About this task: For the data that follows, print the line with "N’hésitez pas à", the line with "Отдел фольклора и", and all lines between them, exactly as they stand. Omit pictures and add nothing.

━━ Extracted information ━━

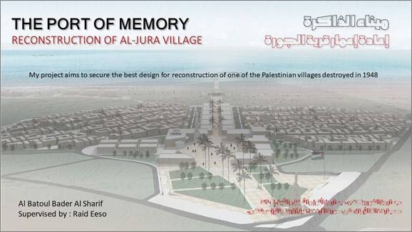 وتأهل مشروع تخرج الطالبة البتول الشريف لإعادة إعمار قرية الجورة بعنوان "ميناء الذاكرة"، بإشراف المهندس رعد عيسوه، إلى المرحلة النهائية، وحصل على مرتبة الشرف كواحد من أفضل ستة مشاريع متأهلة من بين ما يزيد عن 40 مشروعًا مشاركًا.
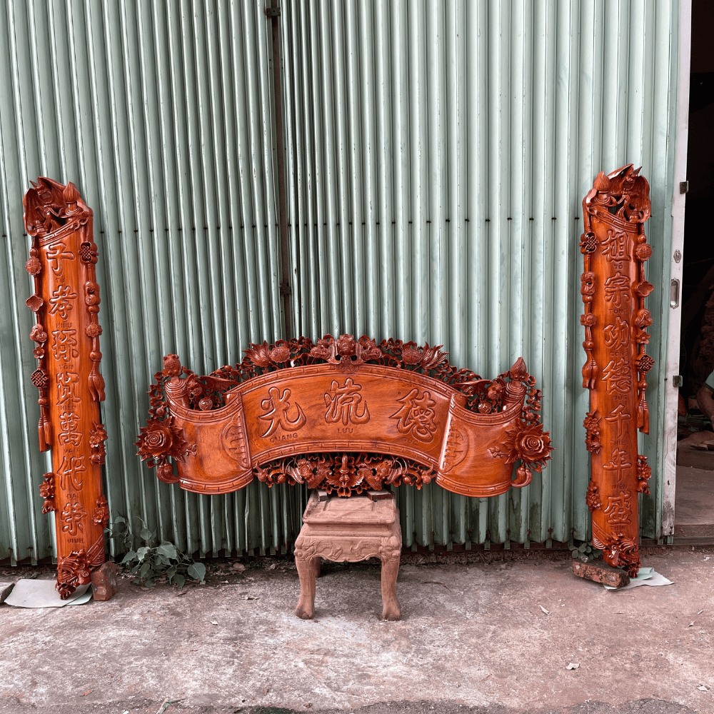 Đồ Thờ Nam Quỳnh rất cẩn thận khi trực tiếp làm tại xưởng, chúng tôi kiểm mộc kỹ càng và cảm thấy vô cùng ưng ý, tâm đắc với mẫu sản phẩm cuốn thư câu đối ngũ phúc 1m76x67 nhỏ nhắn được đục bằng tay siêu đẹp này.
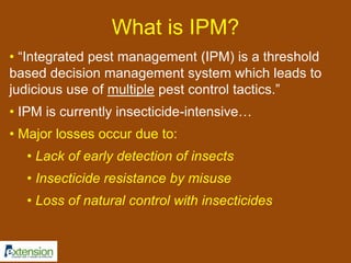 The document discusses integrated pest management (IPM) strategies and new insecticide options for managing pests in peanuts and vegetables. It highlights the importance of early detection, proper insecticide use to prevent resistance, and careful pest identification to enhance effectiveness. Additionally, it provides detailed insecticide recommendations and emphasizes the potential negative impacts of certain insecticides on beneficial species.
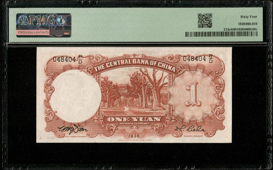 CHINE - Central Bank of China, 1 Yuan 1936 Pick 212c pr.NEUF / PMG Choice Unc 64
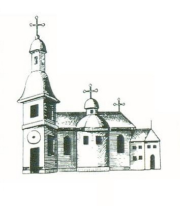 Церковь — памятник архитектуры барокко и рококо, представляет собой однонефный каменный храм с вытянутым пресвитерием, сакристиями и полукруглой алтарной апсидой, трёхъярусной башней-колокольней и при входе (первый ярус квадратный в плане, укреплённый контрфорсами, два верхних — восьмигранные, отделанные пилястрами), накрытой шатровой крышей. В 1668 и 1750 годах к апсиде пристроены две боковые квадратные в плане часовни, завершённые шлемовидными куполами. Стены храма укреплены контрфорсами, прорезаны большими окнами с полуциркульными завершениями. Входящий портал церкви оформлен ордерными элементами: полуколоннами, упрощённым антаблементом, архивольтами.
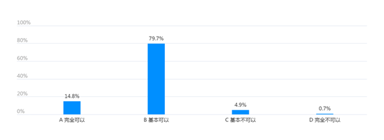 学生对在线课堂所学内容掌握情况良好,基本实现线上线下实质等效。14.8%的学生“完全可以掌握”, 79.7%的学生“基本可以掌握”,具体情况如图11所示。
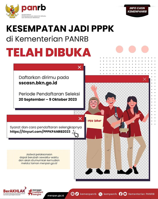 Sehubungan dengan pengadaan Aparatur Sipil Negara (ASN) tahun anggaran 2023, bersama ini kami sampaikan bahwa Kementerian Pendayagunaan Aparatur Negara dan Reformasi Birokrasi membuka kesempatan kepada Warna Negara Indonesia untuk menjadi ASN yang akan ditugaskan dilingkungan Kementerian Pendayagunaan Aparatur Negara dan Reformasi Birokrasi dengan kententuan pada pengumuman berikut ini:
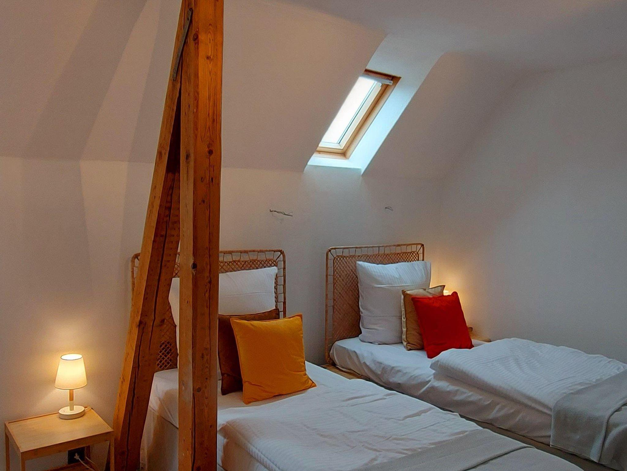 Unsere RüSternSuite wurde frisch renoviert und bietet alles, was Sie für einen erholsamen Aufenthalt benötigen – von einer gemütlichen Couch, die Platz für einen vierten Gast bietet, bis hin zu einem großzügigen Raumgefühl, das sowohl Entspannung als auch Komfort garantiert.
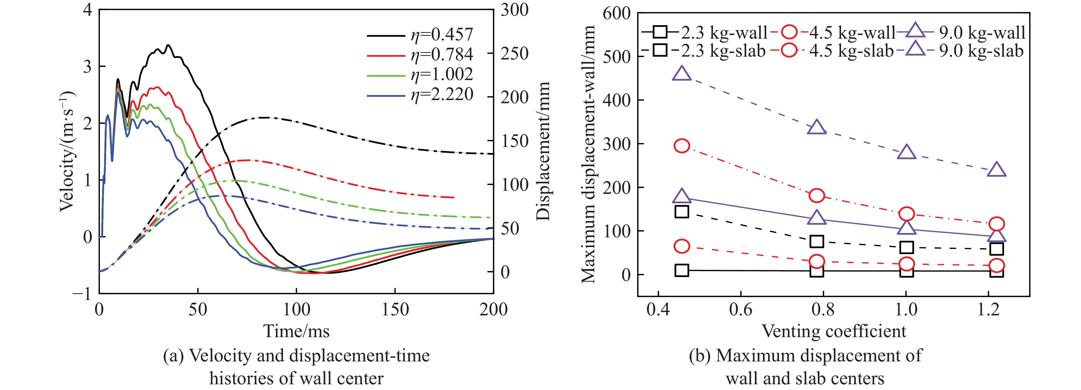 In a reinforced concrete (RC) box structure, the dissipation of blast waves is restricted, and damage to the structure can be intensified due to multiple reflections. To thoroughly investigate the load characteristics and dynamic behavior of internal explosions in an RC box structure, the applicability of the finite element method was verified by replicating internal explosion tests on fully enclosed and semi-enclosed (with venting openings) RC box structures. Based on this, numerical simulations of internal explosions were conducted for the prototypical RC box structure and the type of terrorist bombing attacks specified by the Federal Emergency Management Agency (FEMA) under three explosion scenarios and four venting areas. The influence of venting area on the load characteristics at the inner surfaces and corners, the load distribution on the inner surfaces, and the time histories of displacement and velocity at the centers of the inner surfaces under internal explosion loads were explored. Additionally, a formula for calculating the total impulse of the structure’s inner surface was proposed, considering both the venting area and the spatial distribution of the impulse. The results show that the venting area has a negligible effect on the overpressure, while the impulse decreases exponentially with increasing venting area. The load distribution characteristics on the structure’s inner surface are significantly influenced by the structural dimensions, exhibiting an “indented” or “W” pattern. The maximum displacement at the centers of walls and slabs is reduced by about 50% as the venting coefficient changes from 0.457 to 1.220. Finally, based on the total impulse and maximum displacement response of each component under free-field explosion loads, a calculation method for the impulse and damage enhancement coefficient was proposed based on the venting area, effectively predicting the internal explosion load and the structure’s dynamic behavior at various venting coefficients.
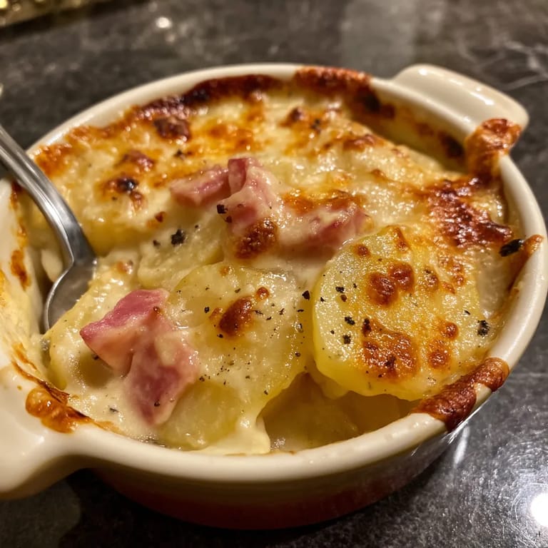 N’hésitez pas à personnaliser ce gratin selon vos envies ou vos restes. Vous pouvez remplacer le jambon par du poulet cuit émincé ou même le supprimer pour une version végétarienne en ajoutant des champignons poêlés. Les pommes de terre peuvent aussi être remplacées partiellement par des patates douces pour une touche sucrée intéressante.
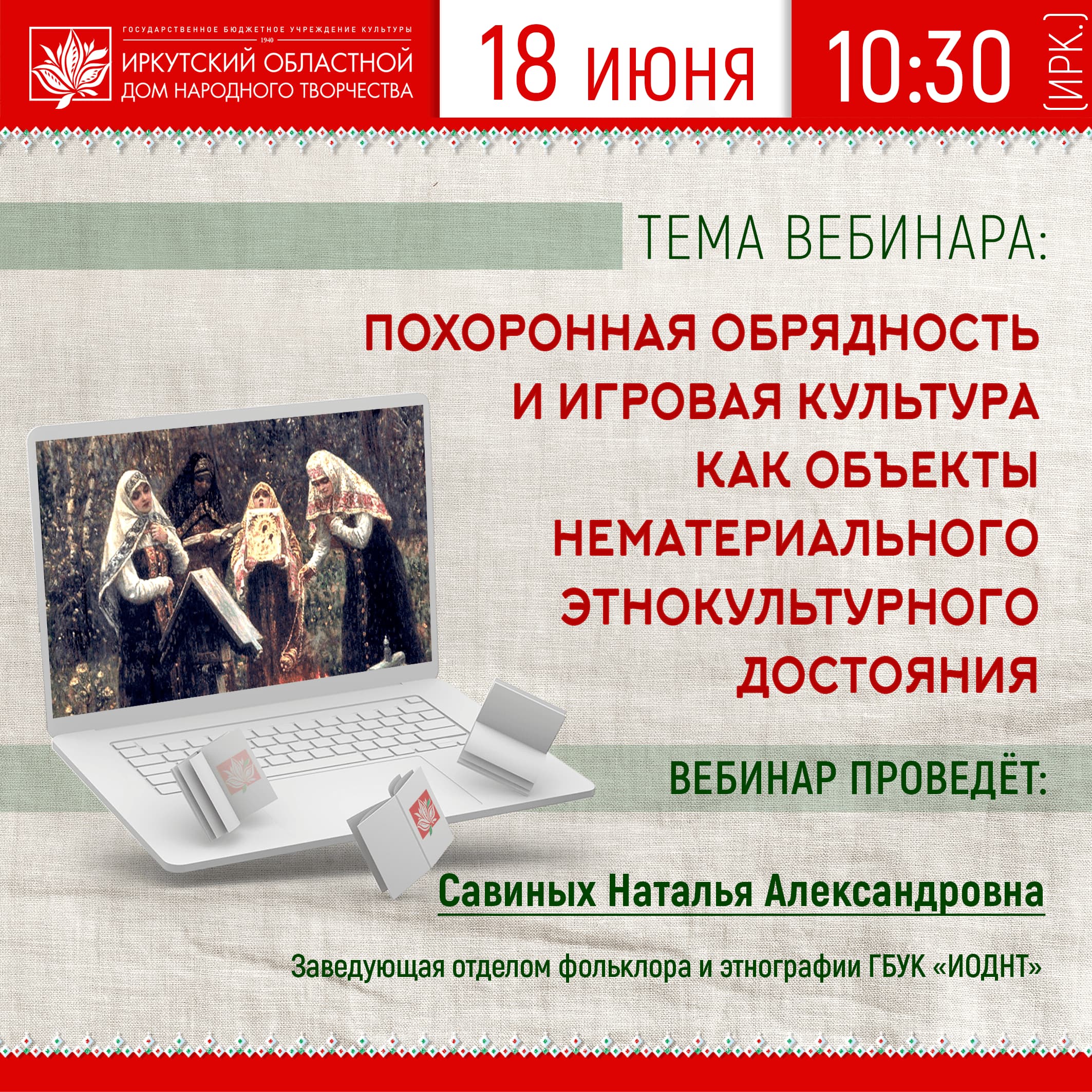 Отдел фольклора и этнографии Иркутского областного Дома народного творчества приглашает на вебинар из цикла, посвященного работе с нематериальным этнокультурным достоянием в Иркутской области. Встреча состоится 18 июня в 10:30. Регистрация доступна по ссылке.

━━━
━━ Extracted information ━━

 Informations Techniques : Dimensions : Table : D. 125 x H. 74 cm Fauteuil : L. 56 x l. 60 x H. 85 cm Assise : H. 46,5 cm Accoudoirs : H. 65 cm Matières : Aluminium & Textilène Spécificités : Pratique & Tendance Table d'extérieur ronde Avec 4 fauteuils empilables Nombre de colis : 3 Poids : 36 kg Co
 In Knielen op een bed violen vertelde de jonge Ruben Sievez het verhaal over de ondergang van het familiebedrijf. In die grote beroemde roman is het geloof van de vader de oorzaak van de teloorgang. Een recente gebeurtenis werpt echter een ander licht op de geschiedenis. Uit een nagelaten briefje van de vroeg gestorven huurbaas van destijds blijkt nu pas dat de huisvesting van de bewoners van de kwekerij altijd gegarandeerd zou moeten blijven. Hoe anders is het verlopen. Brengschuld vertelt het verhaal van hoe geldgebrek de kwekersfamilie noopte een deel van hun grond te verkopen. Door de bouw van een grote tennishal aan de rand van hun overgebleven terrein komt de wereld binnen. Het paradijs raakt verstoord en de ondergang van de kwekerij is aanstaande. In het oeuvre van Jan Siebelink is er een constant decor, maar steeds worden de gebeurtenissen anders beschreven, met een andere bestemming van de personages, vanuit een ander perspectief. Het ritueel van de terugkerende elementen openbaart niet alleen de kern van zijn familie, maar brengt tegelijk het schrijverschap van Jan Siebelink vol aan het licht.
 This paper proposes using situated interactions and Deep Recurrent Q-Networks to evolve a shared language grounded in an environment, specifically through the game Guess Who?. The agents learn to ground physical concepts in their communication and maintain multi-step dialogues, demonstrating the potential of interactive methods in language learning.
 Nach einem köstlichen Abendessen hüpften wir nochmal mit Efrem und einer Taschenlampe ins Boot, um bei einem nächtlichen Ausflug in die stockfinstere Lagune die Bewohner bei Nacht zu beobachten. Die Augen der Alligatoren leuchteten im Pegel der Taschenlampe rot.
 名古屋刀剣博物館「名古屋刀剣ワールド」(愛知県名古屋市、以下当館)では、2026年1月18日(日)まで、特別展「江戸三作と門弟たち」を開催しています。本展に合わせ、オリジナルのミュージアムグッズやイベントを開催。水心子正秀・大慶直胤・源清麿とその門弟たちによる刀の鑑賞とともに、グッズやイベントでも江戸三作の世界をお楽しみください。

━━━

Result of the task:
 N’hésitez pas à personnaliser ce gratin selon vos envies ou vos restes. Vous pouvez remplacer le jambon par du poulet cuit émincé ou même le supprimer pour une version végétarienne en ajoutant des champignons poêlés. Les pommes de terre peuvent aussi être remplacées partiellement par des patates douces pour une touche sucrée intéressante.
 Отдел фольклора и этнографии Иркутского областного Дома народного творчества приглашает на вебинар из цикла, посвященного работе с нематериальным этнокультурным достоянием в Иркутской области. Встреча состоится 18 июня в 10:30. Регистрация доступна по ссылке.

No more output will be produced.